---- RECORDS SHOWN
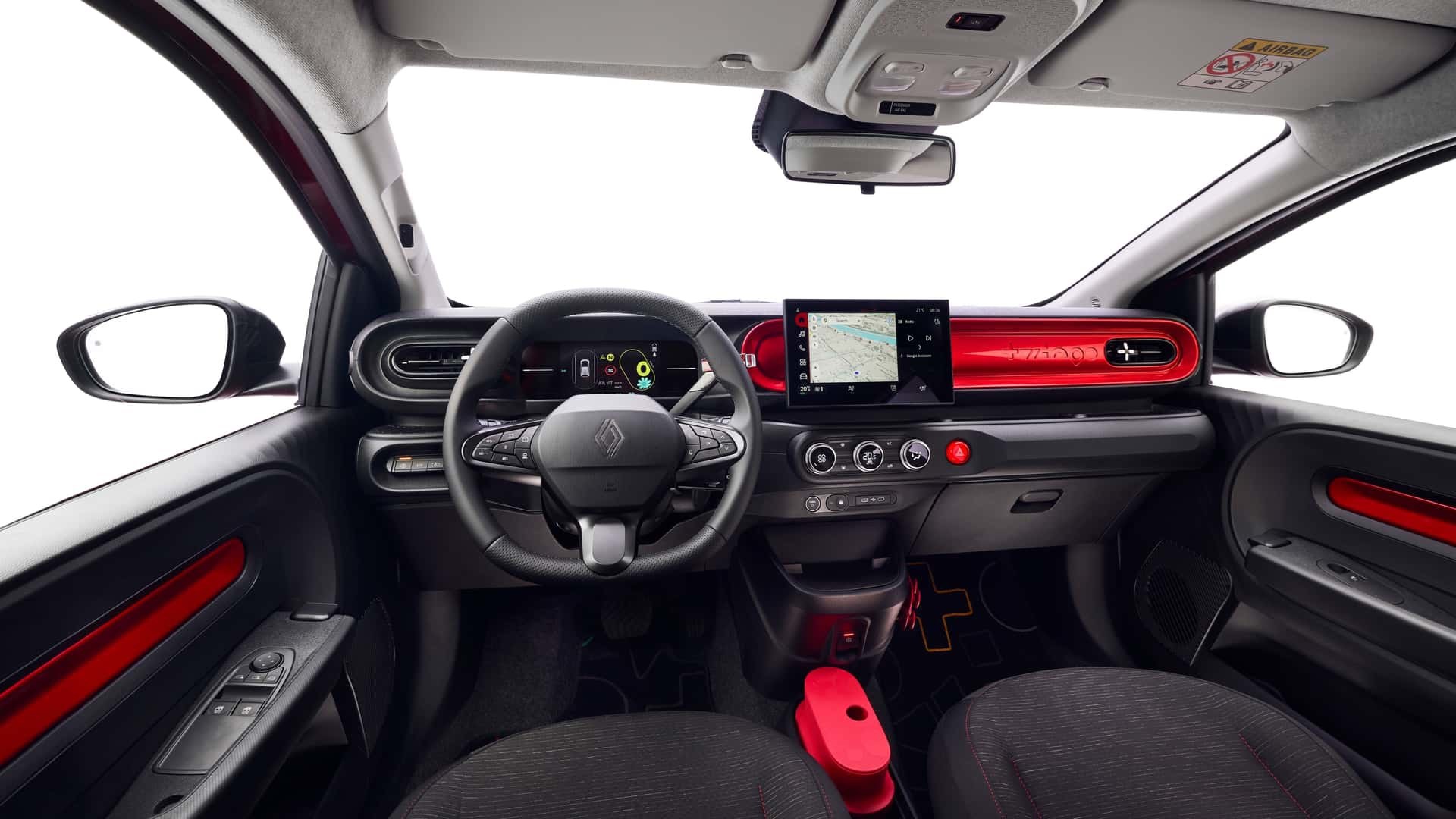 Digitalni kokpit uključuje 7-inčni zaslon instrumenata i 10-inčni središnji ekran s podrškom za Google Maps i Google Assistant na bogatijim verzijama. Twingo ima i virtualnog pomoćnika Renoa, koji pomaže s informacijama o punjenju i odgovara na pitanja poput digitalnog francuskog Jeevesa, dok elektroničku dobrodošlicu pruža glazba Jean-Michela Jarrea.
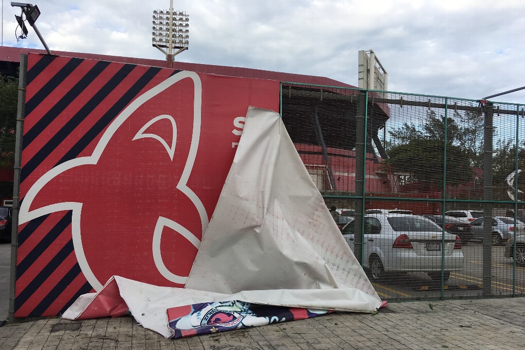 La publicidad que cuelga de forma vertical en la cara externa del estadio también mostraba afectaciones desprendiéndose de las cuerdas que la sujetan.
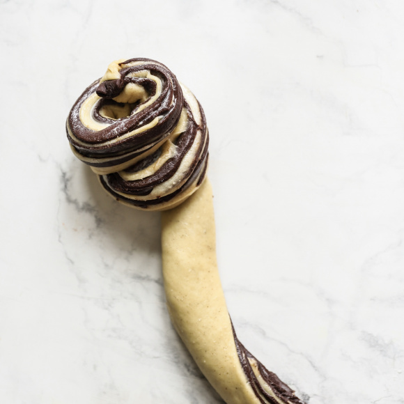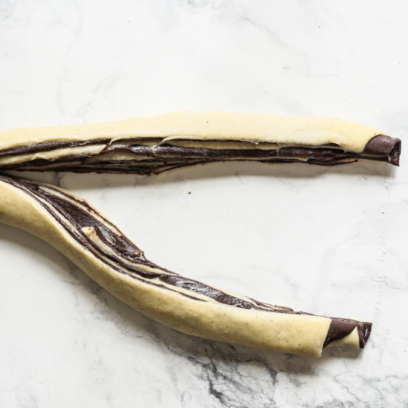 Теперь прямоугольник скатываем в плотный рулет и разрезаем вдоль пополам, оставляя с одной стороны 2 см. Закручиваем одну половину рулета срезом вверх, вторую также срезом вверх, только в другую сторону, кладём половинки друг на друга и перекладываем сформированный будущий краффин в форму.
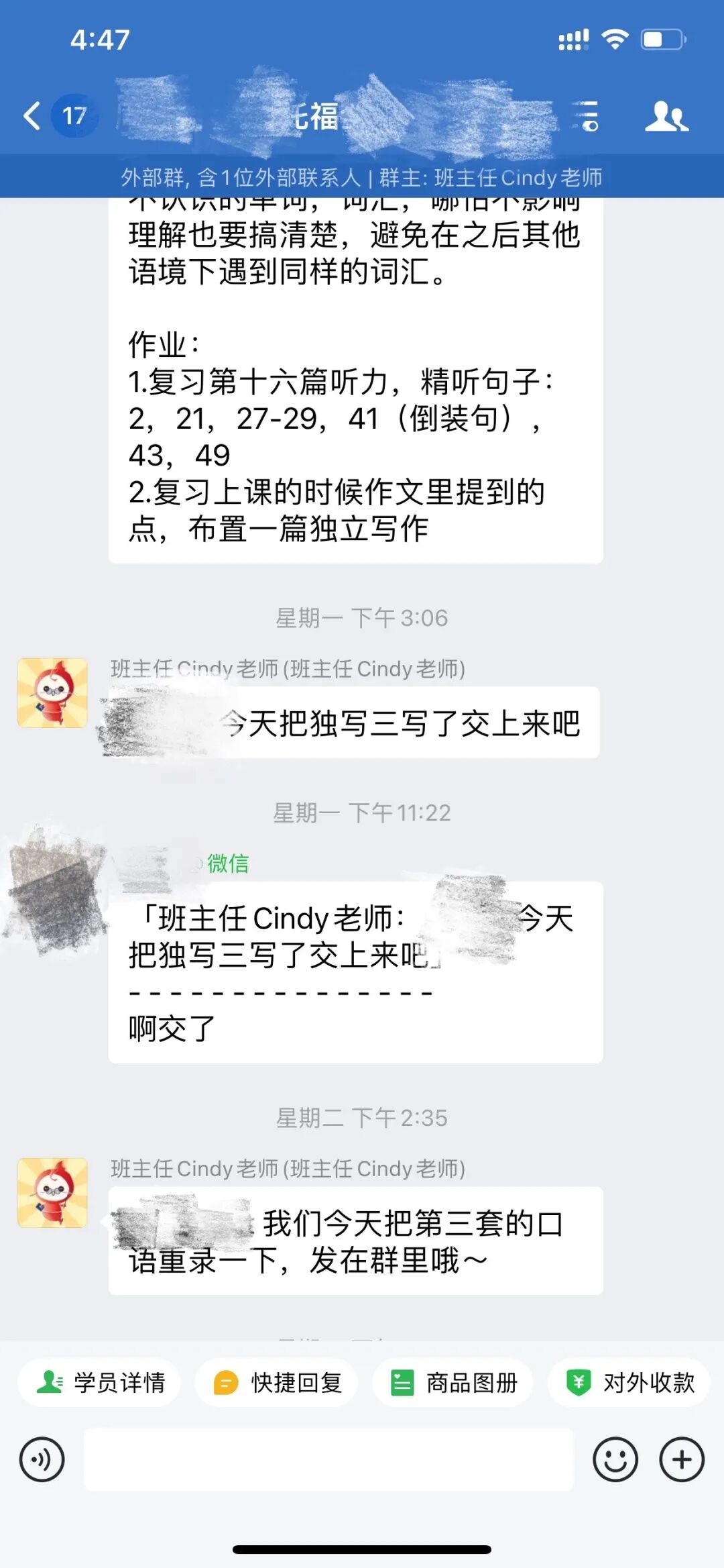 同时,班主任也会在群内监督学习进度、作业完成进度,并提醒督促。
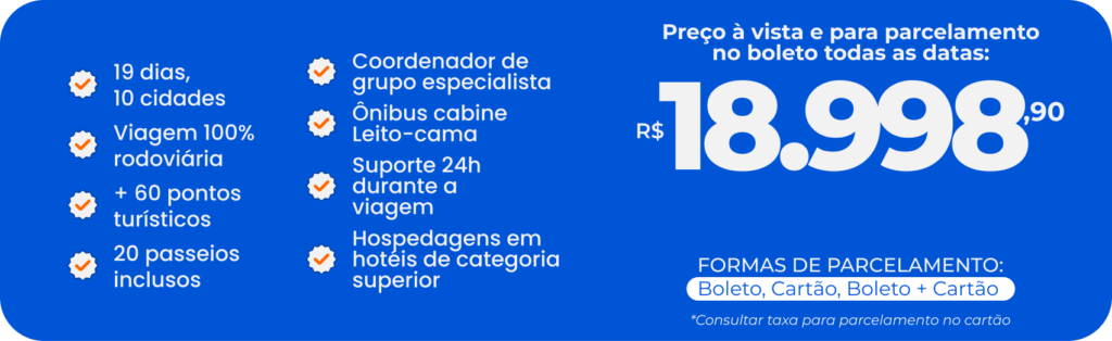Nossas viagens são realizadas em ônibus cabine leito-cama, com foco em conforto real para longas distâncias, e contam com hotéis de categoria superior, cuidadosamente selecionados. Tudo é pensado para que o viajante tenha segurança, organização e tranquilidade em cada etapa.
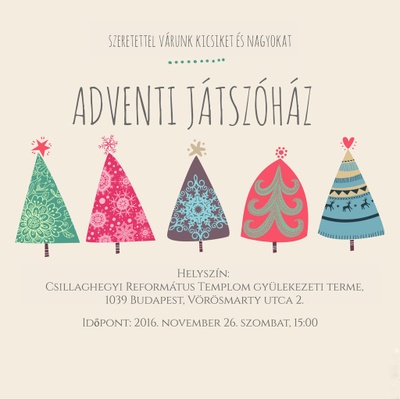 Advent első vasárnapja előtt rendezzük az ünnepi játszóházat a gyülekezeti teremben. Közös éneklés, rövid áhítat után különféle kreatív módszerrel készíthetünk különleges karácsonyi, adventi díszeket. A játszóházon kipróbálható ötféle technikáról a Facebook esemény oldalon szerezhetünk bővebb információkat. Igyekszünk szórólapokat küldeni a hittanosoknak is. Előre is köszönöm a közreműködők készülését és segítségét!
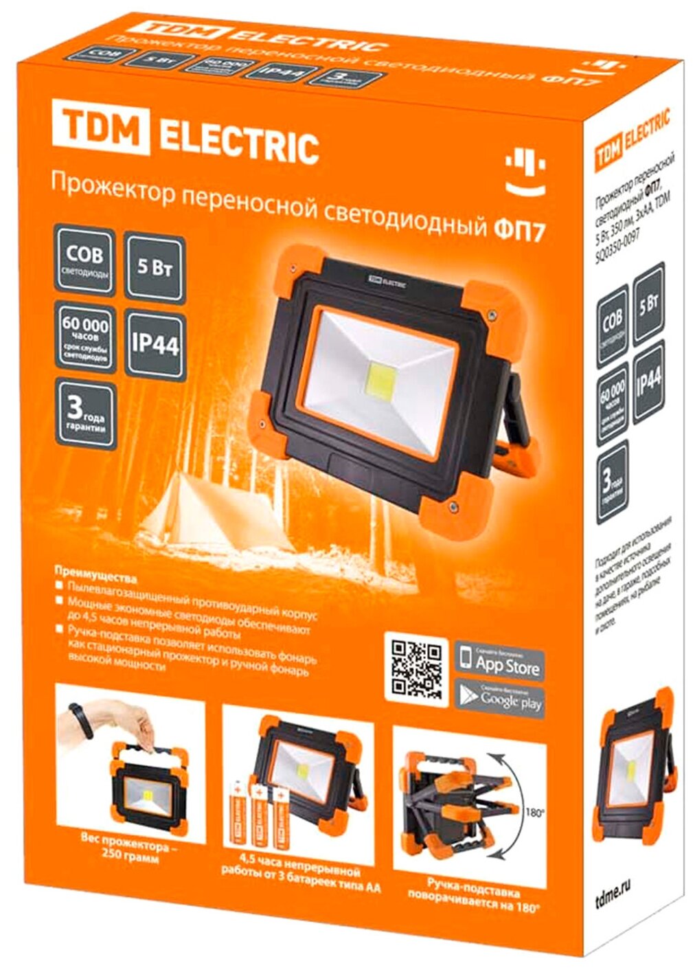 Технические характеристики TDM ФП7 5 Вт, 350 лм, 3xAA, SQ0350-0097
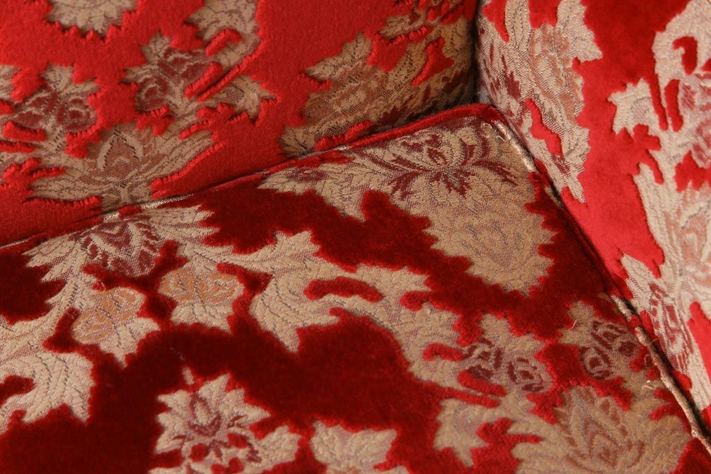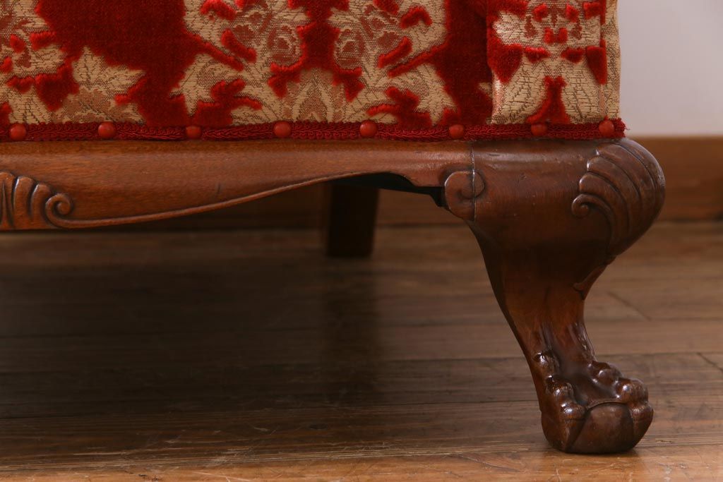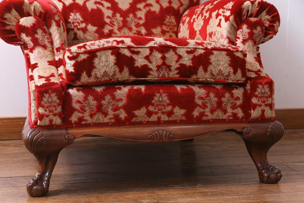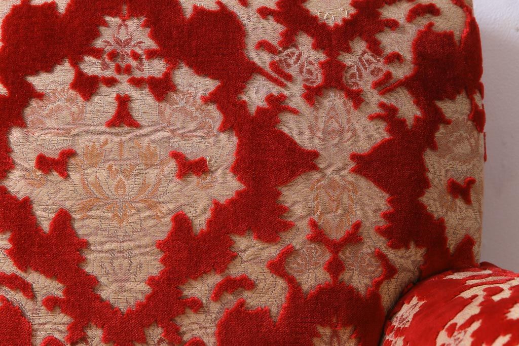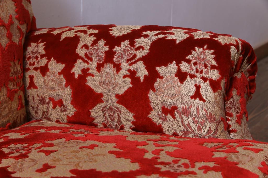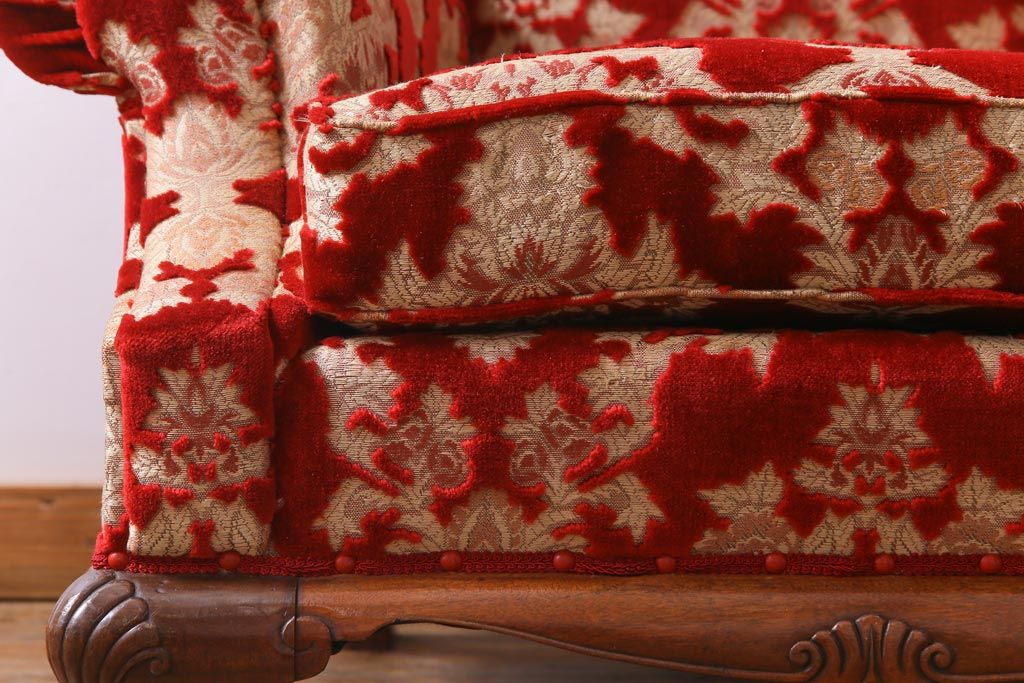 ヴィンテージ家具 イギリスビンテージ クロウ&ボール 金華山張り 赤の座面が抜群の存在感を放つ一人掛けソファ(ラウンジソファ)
--------
An exact copy is needed of every line from the one holding "Nossas viagens são" to the end of the entries above, both ends kept and each picture dropped.

■ RESPONSE TO THIS EXERCISE ■
Nossas viagens são realizadas em ônibus cabine leito-cama, com foco em conforto real para longas distâncias, e contam com hotéis de categoria superior, cuidadosamente selecionados. Tudo é pensado para que o viajante tenha segurança, organização e tranquilidade em cada etapa.
 Advent első vasárnapja előtt rendezzük az ünnepi játszóházat a gyülekezeti teremben. Közös éneklés, rövid áhítat után különféle kreatív módszerrel készíthetünk különleges karácsonyi, adventi díszeket. A játszóházon kipróbálható ötféle technikáról a Facebook esemény oldalon szerezhetünk bővebb információkat. Igyekszünk szórólapokat küldeni a hittanosoknak is. Előre is köszönöm a közreműködők készülését és segítségét!
 Технические характеристики TDM ФП7 5 Вт, 350 лм, 3xAA, SQ0350-0097
 ヴィンテージ家具 イギリスビンテージ クロウ&ボール 金華山張り 赤の座面が抜群の存在感を放つ一人掛けソファ(ラウンジソファ)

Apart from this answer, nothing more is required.